To me, scientific research is all about the search for the truth. You may have hypotheses to start, but you let the results take you where they may. Some of the most important discoveries have come from findings that were surprising, or even shocking, and which shattered the a priori hypotheses. For example, our understanding that the universe is expanding at an ever-increasing rate (the concept of inflation) came as a shock to astrophysicists. No one, even Einstein, had imagined that.
It is no different in public health. The truth is what you are after because you cannot find ways to reduce morbidity and mortality unless you accurately identify the underlying causes. And you cannot take the actions that are most likely to reduce morbidity and mortality unless you have an accurate understanding of what works and what does not.
Thus, it came as both a surprise and a disappointment to me when I came to realize that for many anti-smoking researchers, uncovering the truth no longer appears to be the ultimate aim. The latest episode, with Dr. Glantz comparing exposure of one day's worth of electronic cigarette use with 1/16th of a day's worth of nicotine inhaler use, is just the latest demonstration of this sad realization.

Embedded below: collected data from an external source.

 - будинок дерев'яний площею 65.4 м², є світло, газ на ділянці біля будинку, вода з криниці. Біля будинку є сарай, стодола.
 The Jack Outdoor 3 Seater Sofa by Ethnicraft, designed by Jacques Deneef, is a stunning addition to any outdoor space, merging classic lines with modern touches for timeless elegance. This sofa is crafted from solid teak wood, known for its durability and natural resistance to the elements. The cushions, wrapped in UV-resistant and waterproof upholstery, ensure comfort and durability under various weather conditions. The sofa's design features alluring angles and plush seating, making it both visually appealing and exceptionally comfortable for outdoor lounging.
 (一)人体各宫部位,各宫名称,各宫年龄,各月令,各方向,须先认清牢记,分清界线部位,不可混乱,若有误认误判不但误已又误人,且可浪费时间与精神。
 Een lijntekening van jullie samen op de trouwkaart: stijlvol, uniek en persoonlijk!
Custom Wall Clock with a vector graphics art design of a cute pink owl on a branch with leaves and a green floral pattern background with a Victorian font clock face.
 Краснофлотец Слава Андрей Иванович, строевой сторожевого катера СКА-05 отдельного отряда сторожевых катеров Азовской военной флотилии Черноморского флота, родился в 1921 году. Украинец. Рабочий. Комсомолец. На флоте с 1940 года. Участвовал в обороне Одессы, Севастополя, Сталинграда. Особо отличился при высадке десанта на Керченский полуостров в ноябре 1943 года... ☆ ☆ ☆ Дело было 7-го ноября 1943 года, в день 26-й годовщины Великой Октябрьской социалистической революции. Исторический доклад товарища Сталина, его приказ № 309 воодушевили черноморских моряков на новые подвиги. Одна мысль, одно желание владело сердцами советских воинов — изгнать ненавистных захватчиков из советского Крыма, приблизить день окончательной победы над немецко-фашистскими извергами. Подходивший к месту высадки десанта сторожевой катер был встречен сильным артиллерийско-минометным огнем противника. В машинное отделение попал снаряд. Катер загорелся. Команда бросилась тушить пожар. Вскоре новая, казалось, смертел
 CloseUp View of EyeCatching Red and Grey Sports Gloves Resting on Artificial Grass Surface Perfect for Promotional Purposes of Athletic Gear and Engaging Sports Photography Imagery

If one were after the truth, then it seems to me that one would want to compare daily carcinogen exposure from electronic cigarettes and nicotine inhaler use. But what appears to have happened is that Dr. Glantz was so intent on demonstrating his pre-determined conclusion that electronic cigarettes are toxic and inappropriate that he failed to try to determine what an appropriate comparison would be. He appears to have taken the data as they were reported because the findings were "favorable" to his pre-determined cause.
But it takes only a quick internet search to discover that no one uses just one nicotine inhaler cartridge per day. The absolute minimum recommended number of cartridges for the Nicorette inhaler is 6 per day. Not everyone has to use the same assumptions I did in my analysis, but if you are sincerely interested in the truth, rather than just making a point, then you need to make some attempt to compare apples and apples.

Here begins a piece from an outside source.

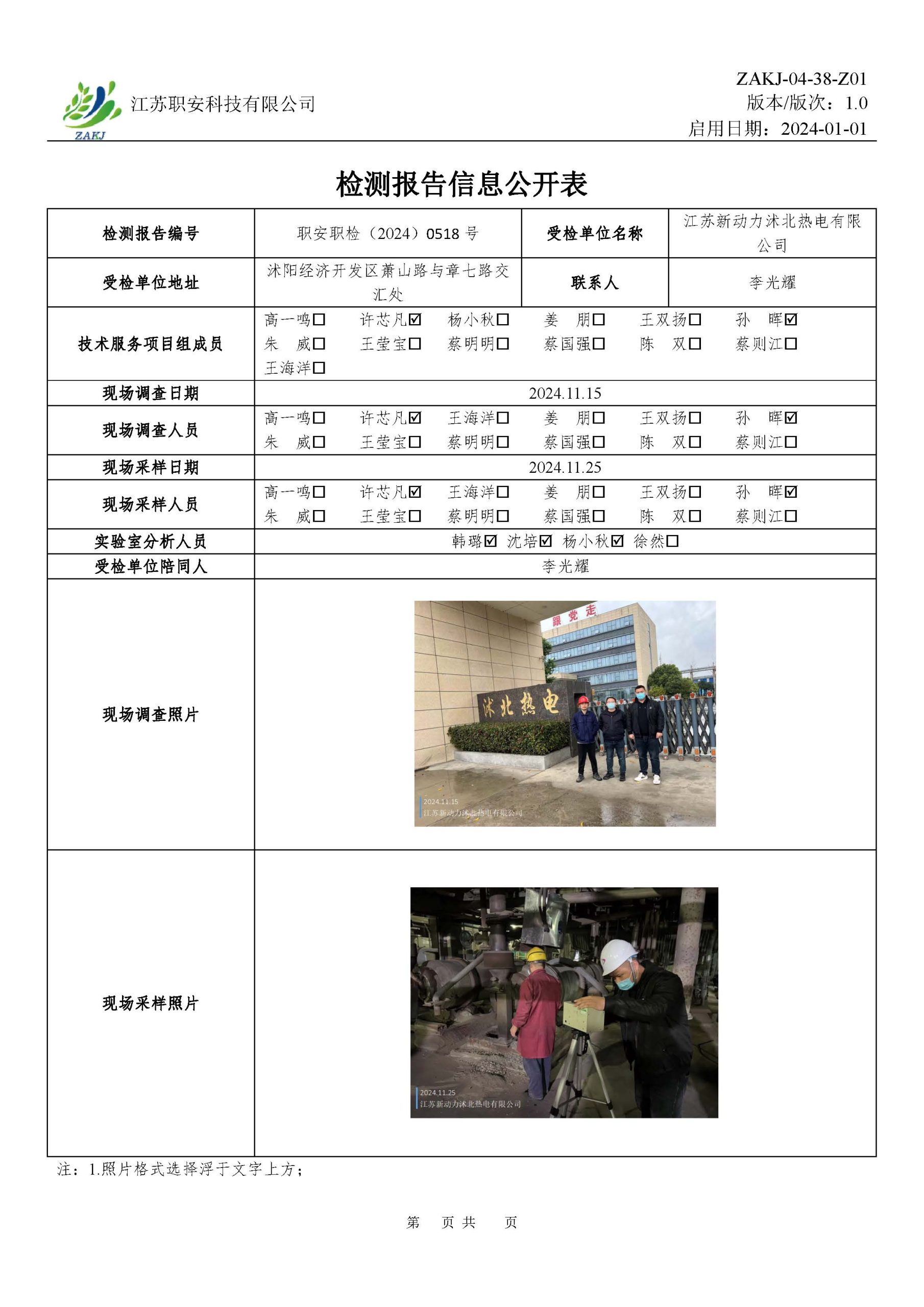 檢測報告公示
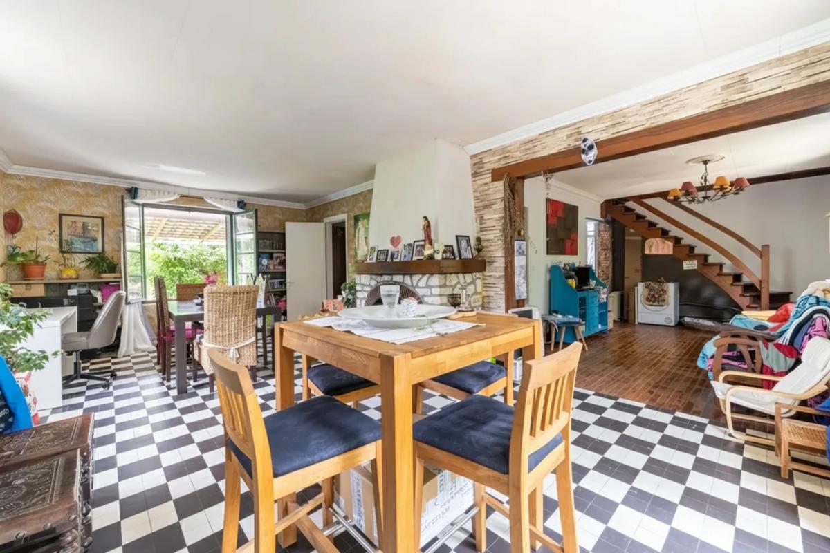 Grand séjour salon lumineux avec cheminée à foyer fermé.

Why is this realization so difficult for me? Because sadly, it reduces much of the idealism that I brought into the field of scientific research in public health.
But the saddest part of the story for me is the way that this is affecting people's lives. Because of the biased conclusions that many anti-smoking groups have drawn about electronic cigarettes, thousands of vapers who had quit smoking successfully using e-cigarettes have been discouraged from continuing to use these products and a number of them have returned to cigarette smoking as a result. Many more have decided not to quit smoking because of unfounded fears regarding the alleged dangers of vaping. And on a grand scale, electronic cigarette companies have been forced to uniformly lie to their customers about the real purpose of their products.
This in no way serves the public's health. It harms the public's health. And that's the saddest part of the story.